Like adult stem cells, CSCs display ‘stemness’, a remarkable ability to self-renew, differentiate and to balance between quiescence, proliferation, and regeneration [26]. CSCs exhibit a substantially high capacity of self-renewal, a high degree of plasticity, continuous proliferation, ability to differentiate conforming to intra-tumor heterogeneity and a pronounced resistance to stressful factors and drugs [3, 26,27,28,29,30]. Because of their ability to initiate tumor formation, disseminate to other locations and to re-populate and grow into a new tumor mass, CSCs are interchangeably termed as tumor-initiating cells (TICs) or tumor-repopulating cells (TRCs) [31]. CSCs share many common pathways with adult stem cells like JAK/STAT, Hedgehog, Wnt, Notch, PTEN/AKT/P13K, NF-κB, MAPK/ERK, and TGFβ [26, 32]. Some of these pathways like Wnt and TGFβ cross-talk with mechanosensitive transcription factor YAP/TAZ [33, 34]. Growing evidence shows that mechanical properties of extracellular matrix (ECM) regulate the self-renewal and differentiation of adult stem cells and hence are important in tissue engineering [35, 36]. So, it is quite natural to be inquisitive about ‘if and how’ the tumor microenvironment modulates ECM composition and corresponding mechanical properties conferring to a hospitable niche for CSCs.

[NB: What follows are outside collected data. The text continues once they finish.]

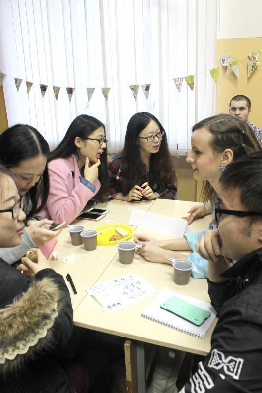 The participants divided into the following groups: English and Russian table, German and Russian table, Spanish and Russian table, Portuguese and Russian table, and Chinese and Russian table. At first the students spoke a foreign language and then – Russian. It should be mentioned that some participants used several languages.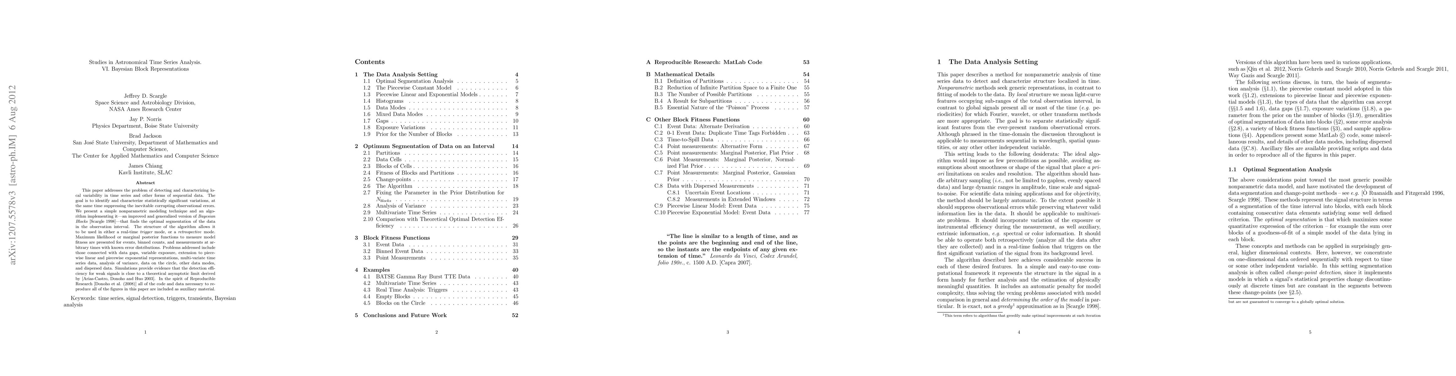 This paper addresses the problem of detecting and characterizing local variability in time series and other forms of sequential data. The goal is to identify and characterize statistically significant variations, at the same time suppressing the inevitable corrupting observational errors. We present a simple nonparametric modeling technique and an algorithm implementing it - an improved and generalized version of Bayesian Blocks (Scargle 1998) - that finds the optimal segmentation of the data in the observation interval. The structure of the algorithm allows it to be used in either a real-time trigger mode, or a retrospective mode. Maximum likelihood or marginal posterior functions to measure model fitness are presented for events, binned counts, and measurements at arbitrary times with known error distributions. Problems addressed include those connected with data gaps, variable exposure, extension to piecewise linear and piecewise exponential representations, multi-variate time series data, analysis of variance, data on the circle, other data modes, and dispersed data. Simulations provide evidence that the detection efficiency for weak signals is close to a theoretical asymptotic limit derived by (Arias-Castro, Donoho and Huo 2003). In the spirit of Reproducible Research (Donoho et al. 2008) all of the code and data necessary to reproduce all of the figures in this paper are included as auxiliary material.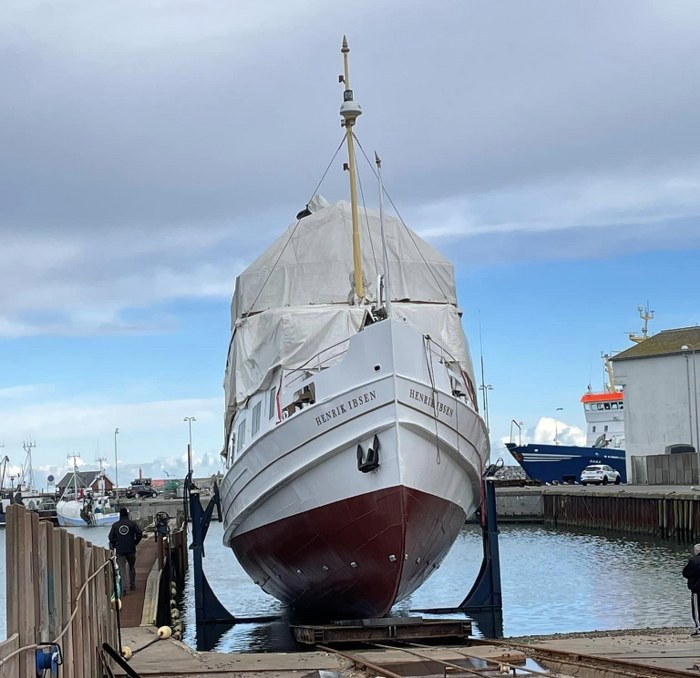 Mandag blev det gode skib M/S Henrik Ibsen søsat efter et tiltrængt og derfor længere ophold på det beddingsanlægget hos Vestkajen Maskinværksted A/S i Hirtshals.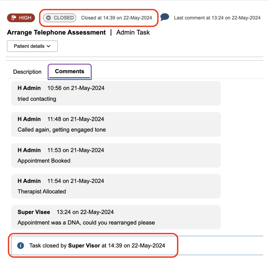 The status of the task will be marked as closed along with the closed time and date at the top. The last comment will also display user, time and date closed.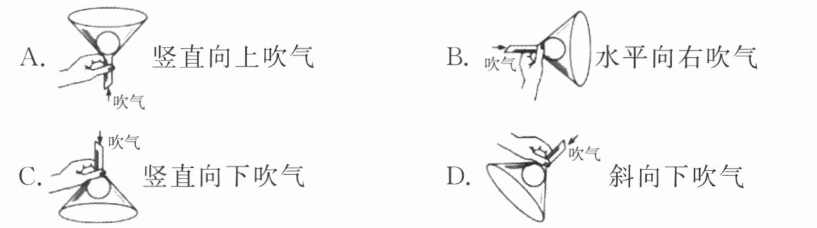2. 小明采用“向漏斗口吹气,观察乒乓球状态”的方法来探究流速对流体压强的影响.以下方案不合理的是 (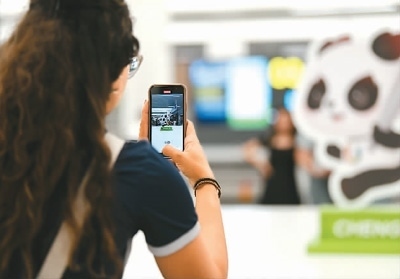 成都天府國際機(jī)場內(nèi),抵蓉的巴西代表團(tuán)成員在等候行李時(shí)拍攝機(jī)場內(nèi)的大運(yùn)會吉祥物“蓉寶”裝飾。新華社記者 胥冰潔攝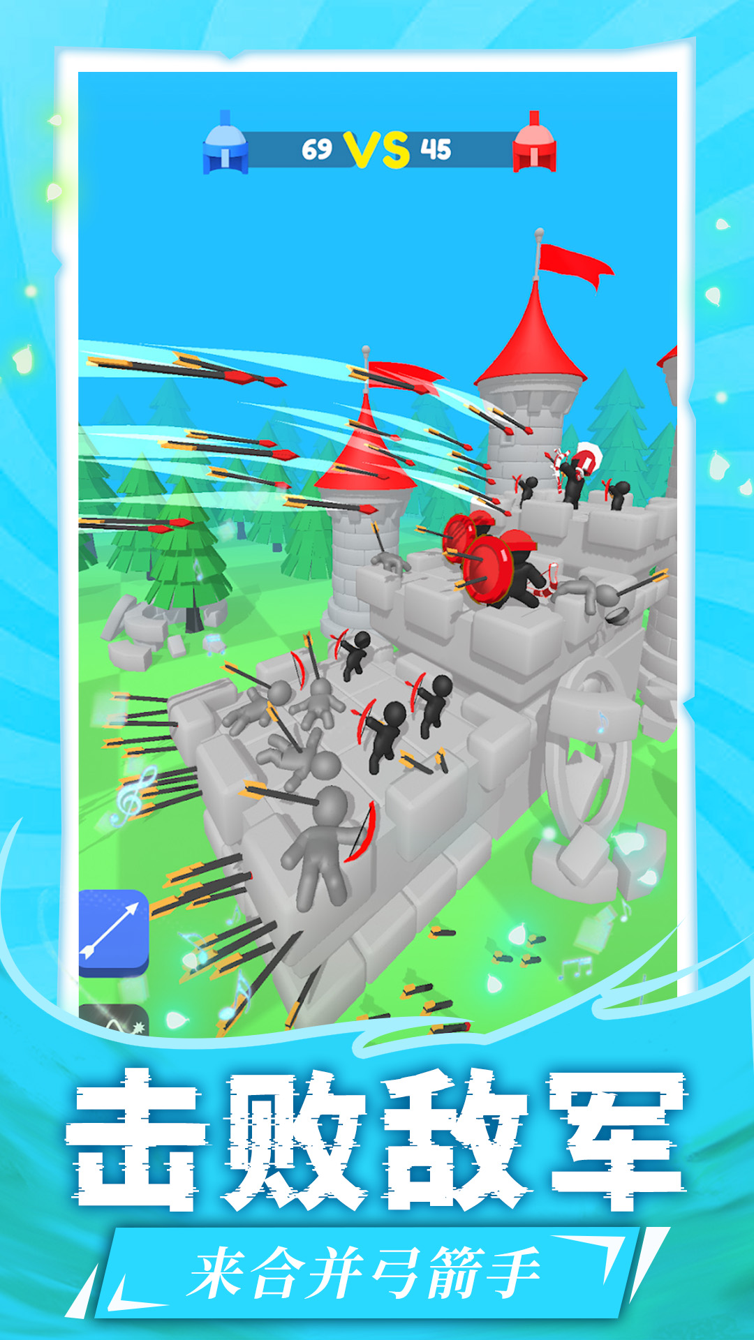 2、初入游戏时,你会拥有基础弓箭手单位。相同等级的两个弓箭手可合并升级为更高级兵种,属性全面提升。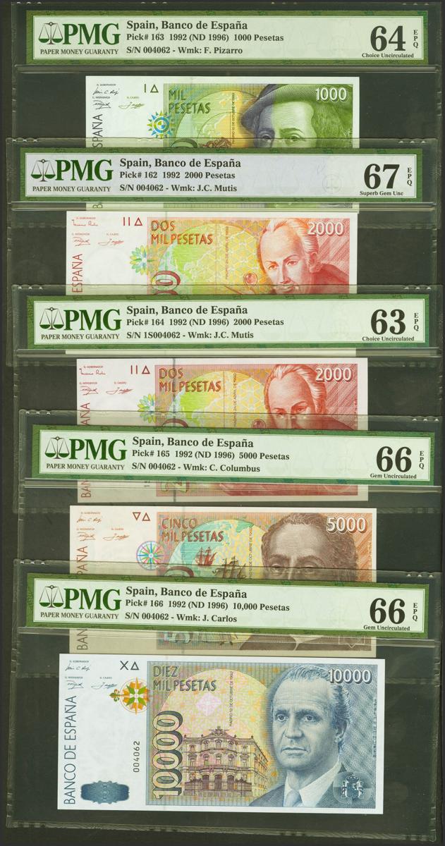English Complete series of 1000, 2000 (in addition to another with the 1S), 5000 and 10000 Pesetas banknotes issued in 1992 and all of them with the same serial number Nº004062. (Edifil 2021: 482/85, 482A). Rare set. Uncirculated. Encapsulated PMG64EPQ, 67EPQ, 63EPQ, 66EPQ and 66EPQ, respectively.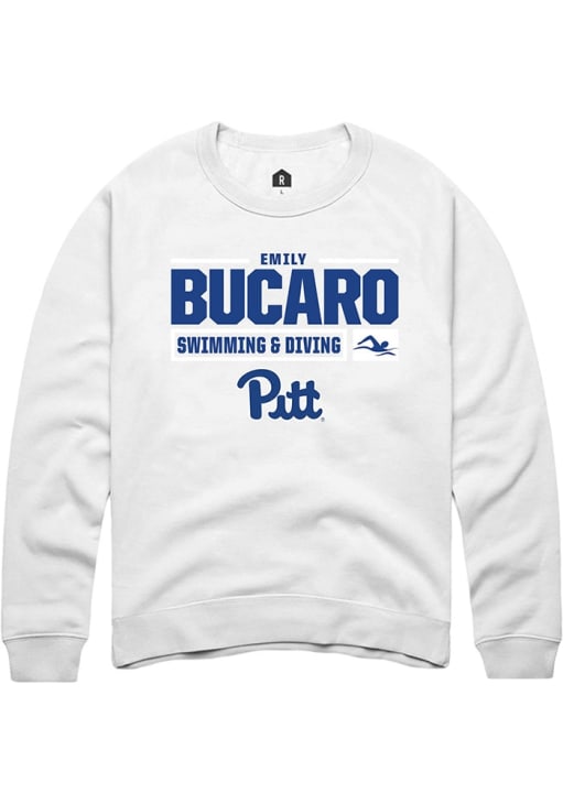 Emily Bucaro Rally Mens White Pitt Panthers NIL Stacked Box Crew Sweatshirt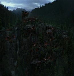The Ape Village was later set ablaze by Koba when he usurped Caesar. Following its destruction, the apes abandoned their former home and made salvation in a hidden cavern with a tunnel system in a waterfall.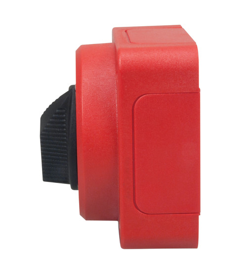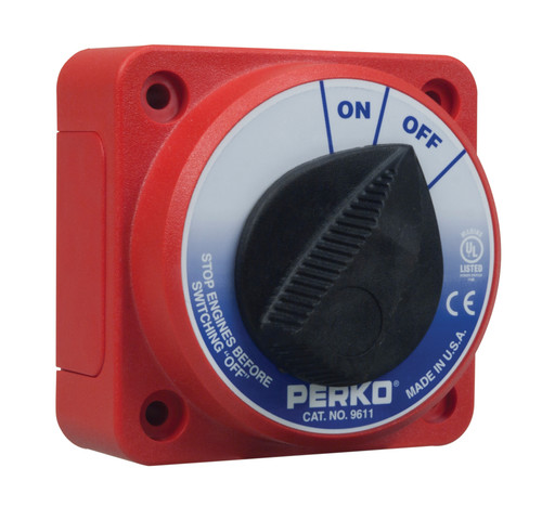 Perko battery switches are designed for surface mounting. Compact disconnect switches have bright red polycarbonate reinforced housings for safety with large easy-to-turn black knobs. The housing of the heavy duty switches are red fiber-reinforced polycarbonate.
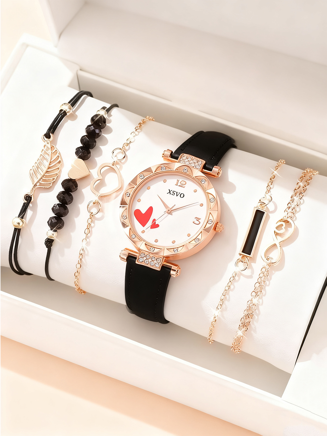 Rose Gold White Watch Set, Love Diamond Women Watch, Light Luxury Fashion Bracelet Holiday Gift Rose Gold White Watch Set, Love Diamond Women Watch, Light Luxury Fashion Bracelet Holiday Gift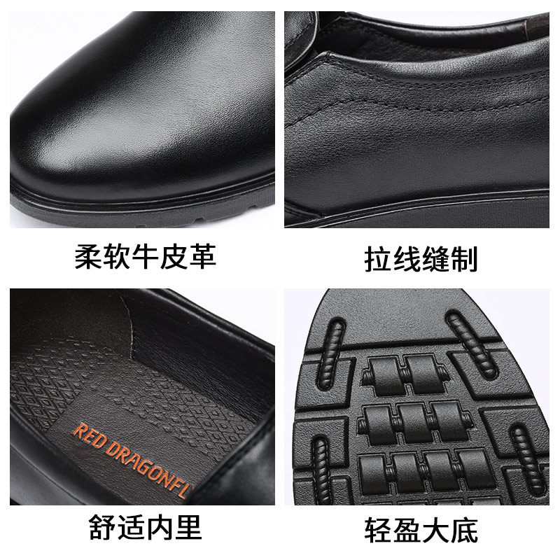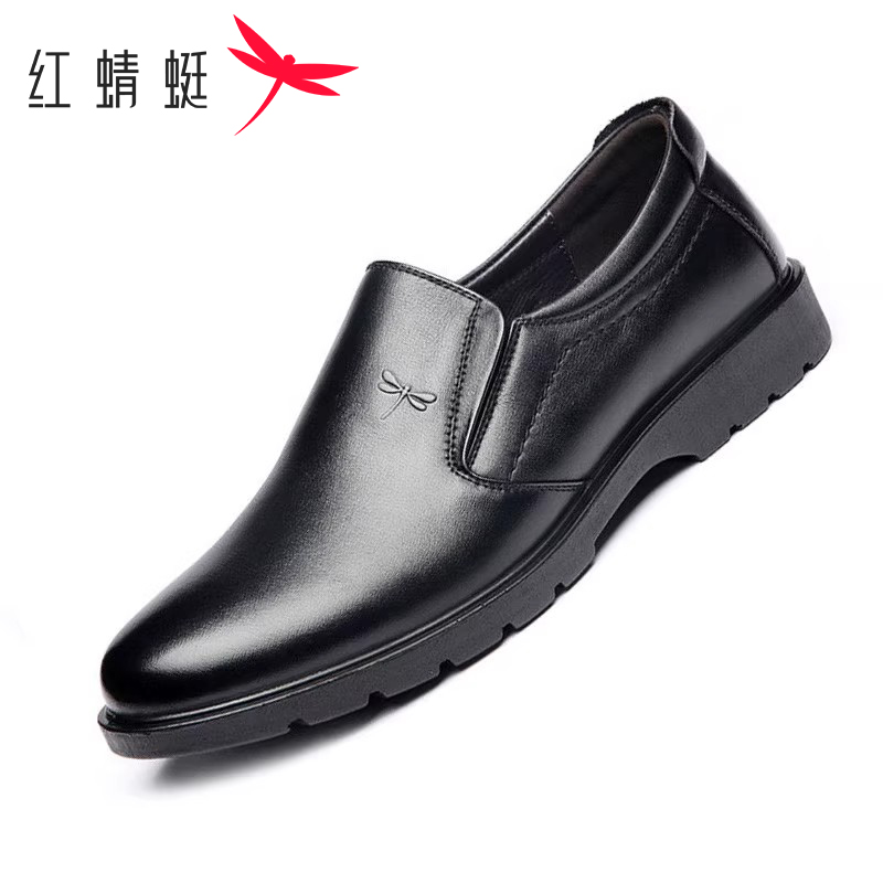 红蜻蜓男鞋春秋真皮透气商务休闲皮鞋男士软底乐福鞋中老年爸爸鞋 - 红蜻蜓易迅专卖店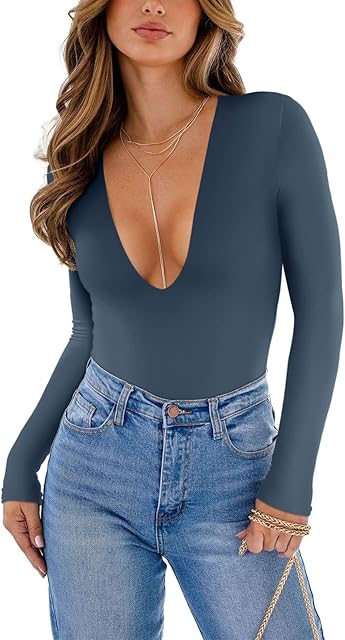 Order Women’s Trendy Sexy Plunge Deep V Neck Long Sleeve Bodysuit Double Lined Going Out T Shirt Tops today for a best price.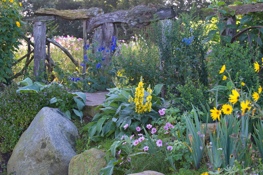 - Cosmea, Delphinium, Findling, Holz, Naturgarten, Verbascum, Totholz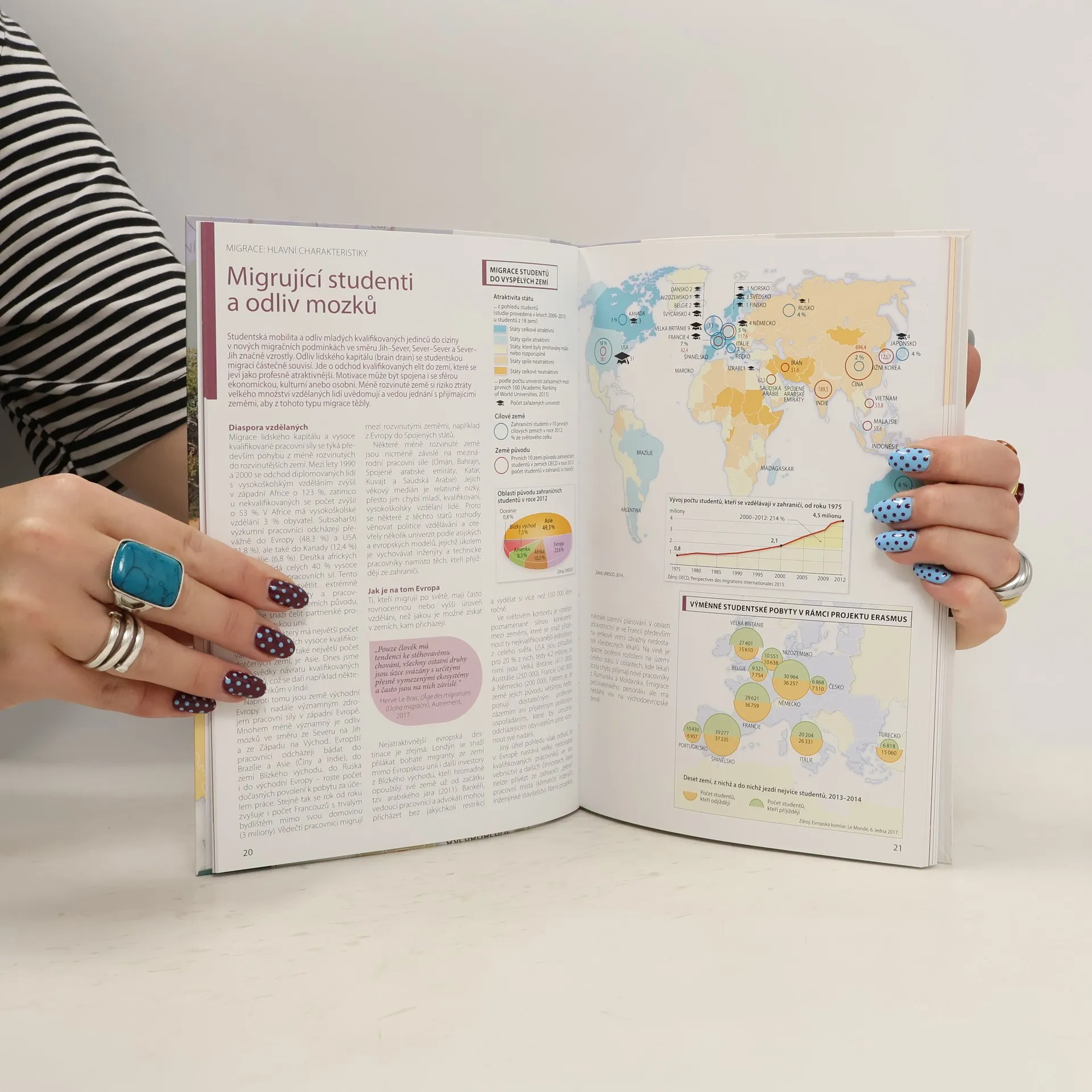Zcela nová a aktuální publikace odhaluje podstatu trendů v pohybu lidstva v současném globálním světě. Přináší odpovědi na otázky, kam se dnes lidé stěhují i proč, a také před čím prchají. Dnes existuje jen málo zemí a regionů, kterých by se migrace, ať už vnitrostátní, či mezinárodní, netýkala. Kniha se také věnuje hledání nové světové rovnováhy mezi kulturní homogenitou a potřebou pracovní síly. Klade politické otázky zítřka. Atlas je určen pro všechny zájemce o současný svět.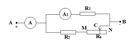 Bài tập 2. Cho mạch điện như hình vẽ. Biết UAB không đổi, R1 = 18 Ω, R2 = 12 Ω, biến trở có điện trở toàn phần là Rb = 60 Ω, điện trở của dây nối và các ampe kế không đáng kể.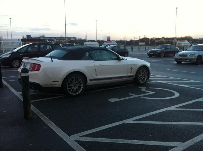 Σε ένα σχεδόν άδειο χώρο στάθμευσης στην Ιρλανδία, μια Mustang καταλαμβάνει 2 θέσεις αναπήρων.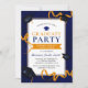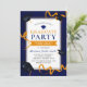 This graduation party invitation features bluish black graduation hats with orange tassels and ribbons, and a blue detailed background. Personalise your own image and text.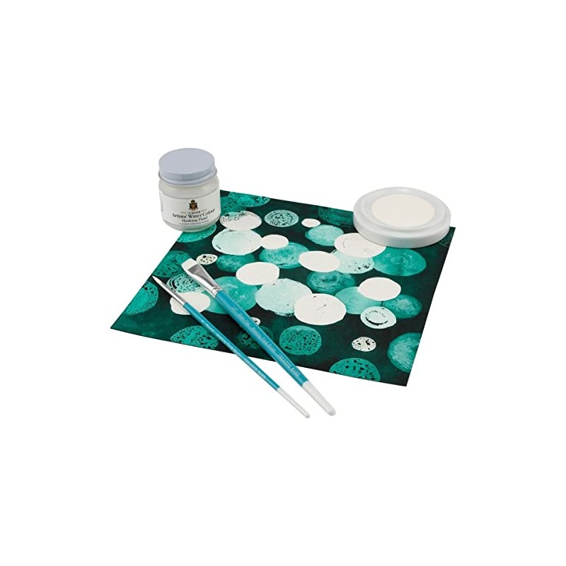Jerry's Artarama Masking Fluid for Watercolor Painting Kit with 40ml Bottle, 10 Synthetic Brush Set, 2 Rubber Cement Pick Ups; Precise Detail, Easy to Remove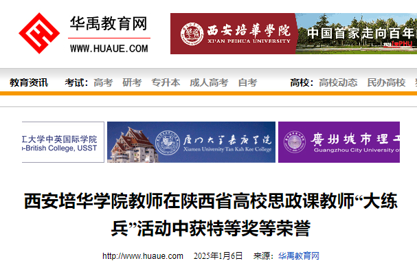1月4日,陕西省教育厅发布了2024年度陕西省高校思政课教师“大练兵”省级现场展示获奖名单。西安培华学院马克思主义学院教师霍艾湘荣获特等奖,毕静烨子荣获一等奖,景安娜荣获二等奖,这一成绩标志着学校在省级“大练兵”展示活动中取得了新突破。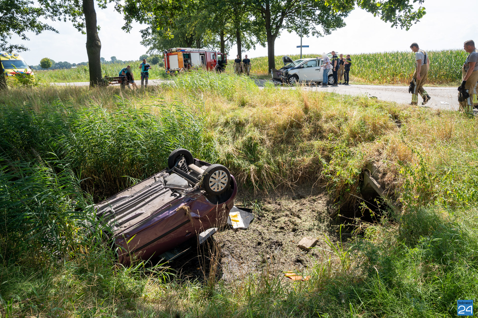 Eén van de twee personenauto’s kwam op de kop in de nabijgelegen sloot terecht. De vrouw kon op eigen kracht haar voertuig verlaten. Zij, én de bestuurder van het andere voertuig, zijn ter plekke door ambulancemedewerkers nagekeken en behandeld. Ze hoefden niet naar het ziekenhuis worden gebracht.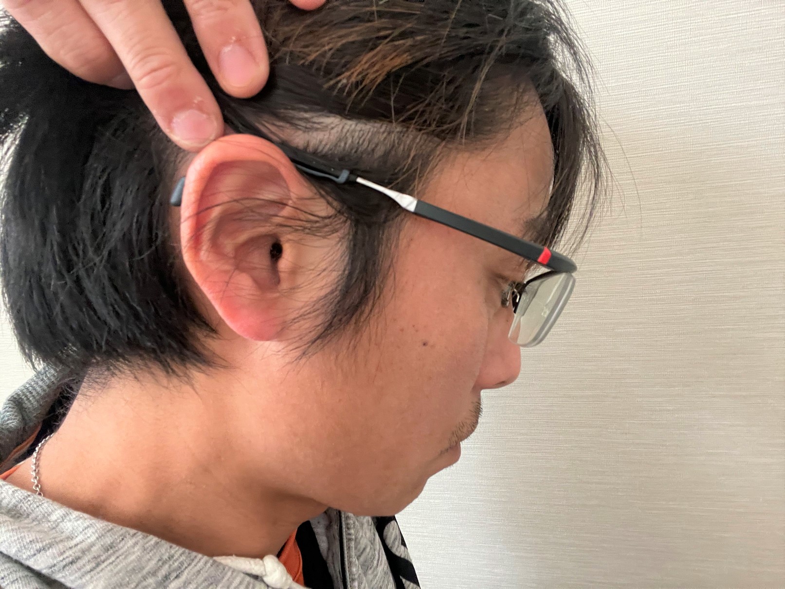 「MYDO」はフレームの耳にかける先セル部分に、耳の後ろまでぐるりと巻きついて固定する特殊構造のパーツを採用しています。これが“ズレない”理由となっており、メガネバンドを使わなくても耳に吸いつくようしっかりフィットするとのこと。

Tumor Microenvironment: A Mechanical Panorama
In 1889, Stephen Paget proposed that a favorable interaction between the metastatic cells (seed) and the tumor microenvironment (soil) lies in the root of an organ-preference pattern of breast cancer metastasis [37]. Before examining the applicability of this ‘seed-and-soil’ hypothesis with reference to CSCs and their niche, in this section, we will peep into the biomechanical aspects of the tumor microenvironment, the ‘home’-ground of CSCs.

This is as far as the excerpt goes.